No discussion of landscape painting in the Pacific Northwest is complete without specific recognition of the indigenous people who are the original caretakers and recorders of the landscape.

In 1951, James Lavadour was born in Pendleton, Oregon into the Walla Walla tribe. He was long fascinated by the Blue Mountains of Eastern Oregon as he lived right be them and quickly became interested in the land and spent most of his time in nature. Lavadour never officially attended art school but was instead taught by the land, and as he grew as an artist, he was always more interested in the process of painting rather than content. The land inspired him with its unique formations, and as he learned from the earth, he replicated these formations and their processes in his art. 

 In the 1970s, Lavadour began to pursue art alongside tribal government, land management, and social services for the Umatilla Indian Reservation. Still, it wasn’t until the 1980s that he started exhibiting his work. And in 1992, he helped create the Crow’s Shadow Institute of the Arts (CSIA) which sought to “provide educational, social, and economic opportunities for Native Americans through artistic development…classes in traditional and contemporary arts, and it emphasizes the role art can play in Native communities as an economic and cultural resource,” as said in the book James Lavadour: Properties of Paint (3)

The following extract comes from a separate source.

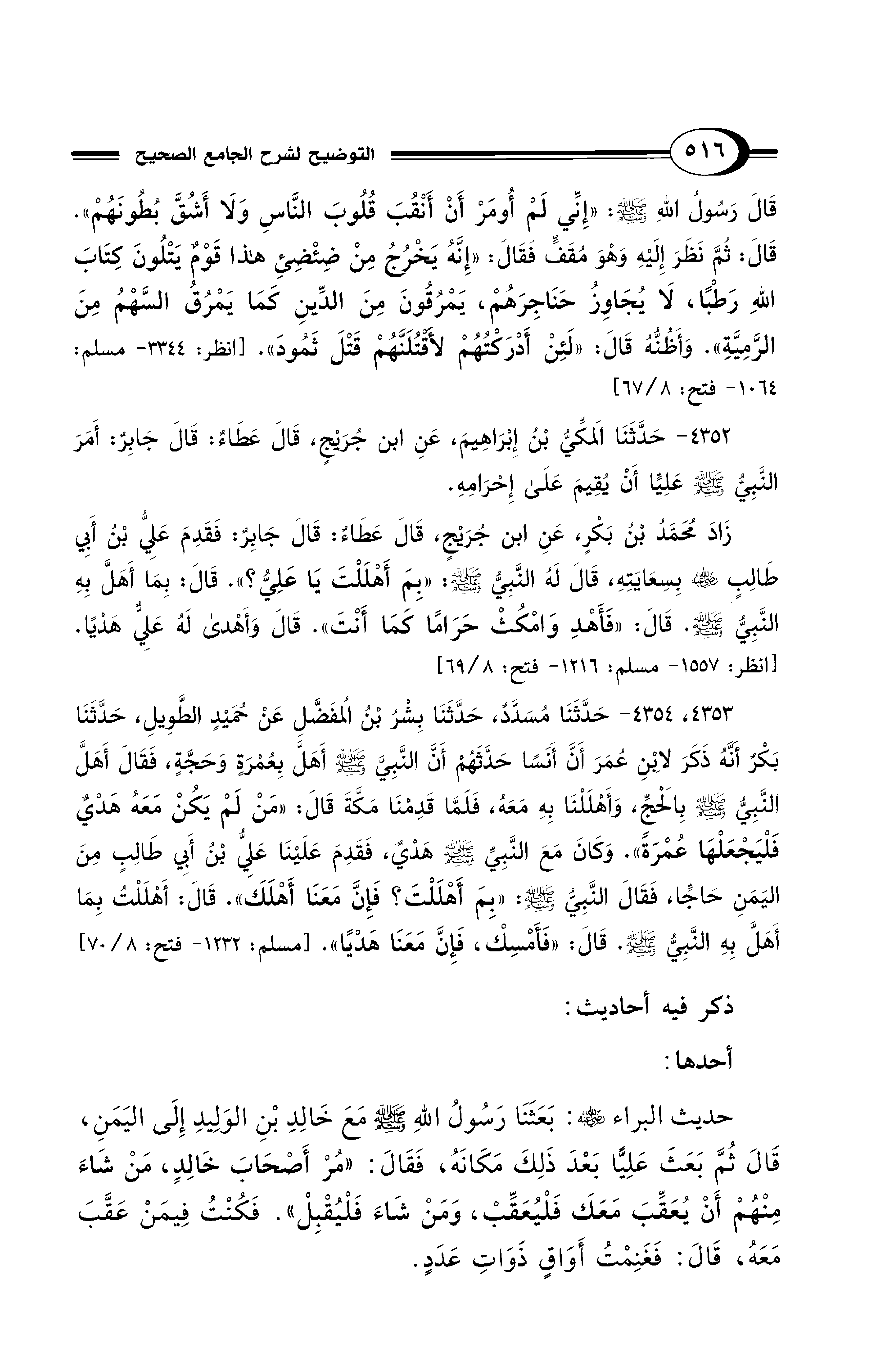 4354,4353 - حَدَّثَنَا مُسَدَّدٌ, حَدَّثَنَا بِشْرُ بْنُ الْمُفَضَّلِ عَنْ حُمَيْدٍ الطَّوِيلِ ,حَدَّثَنَا بَكْرٌ أَنَّهُ ذَكَرَ لاِبْنِ عُمَرَ أَنَّ أَنَسًا حَدَّثَهُمْ أَنَّ النَّبِيَّ - صلى الله عليه وسلم - أَهَلَّ بِعُمْرَةٍ وَحَجَّةٍ، فَقَالَ أَهَلَّ النَّبِيُّ - صلى الله عليه وسلم - بِالْحَجِّ، وَأَهْلَلْنَا بِهِ مَعَهُ، فَلَمَّا قَدِمْنَا مَكَّةَ قَالَ: "مَنْ لَمْ يَكُنْ مَعَهُ هَدْيٌ فَلْيَجْعَلْهَا عُمْرَةً". وَكَانَ مَعَ النَّبِيِّ - صلى الله عليه وسلم - هَدْيٌ، فَقَدِمَ عَلَيْنَا عَلِيُّ بْنُ أَبِي طَالِبٍ مِنَ الْيَمَنِ حَاجًّا, فَقَالَ النَّبِيُّ - صلى الله عليه وسلم -: "بِمَ أَهْلَلْتَ؟ فَإِنَّ مَعَنَا أَهْلَكَ". قَالَ: أَهْلَلْتُ بِمَا أَهَلَّ بِهِ النَّبِيُّ - صلى الله عليه وسلم -. قَالَ: "فَأَمْسِكْ، فَإِنَّ مَعَنَا هَدْيًا". [مسلم: 1232 - فتح: 8/ 70]

The CSIA is mainly a printmaking institute, and its focus on this art form is in part influenced by Lavadour’s education in printmaking and lithography from Eileen Foti who was trained at the Tamarind Institute at the University of New Mexico in Albuquerque- a hotspot for printmaking in the 1950s and 1960s. However, it is also recognized that printmaking allows Native American artists to continue their ancestors' artistic lineage as picture-making can be traced back to the beginning of people inhabiting this region. And while CSIA is for young Native American artists, a core value is cultural exchange; thus, artists of all cultures are welcome.

Lavadour is aware of this history and his interest and experience in printmaking has increased his understanding of layers that transfers to painting. His technique is spontaneous; he lets the paint decide where it wants to go and finds the image within it. He paints, pours, scrapes, and layers according to that philosophy because, as Lavadour said himself in James Lavadour: Properties of Paint, “a painting is not created, it is revealed… it means we are alive and we are connected in thought” (2)

In the Oregon Art Beat special “James Lavadour Update”, he said that while some more abstract artists recommend the viewer to look at the painting from far away to allow the image to come together, Lavadour wants viewers to touch his painting and feel their tactile nature. He believes art brings people together because we are all human, and the land connects everyone. His paintings look to this universality of the land, and his art thus becomes universal - the layering of paint simulates the layers of time the earth records that are not always visible to the human eye. Art helps us to understand, according to Lavadour, the complexity of nature, and his paintings -according to him- seek to awaken in viewers an innate memory all humans have about land.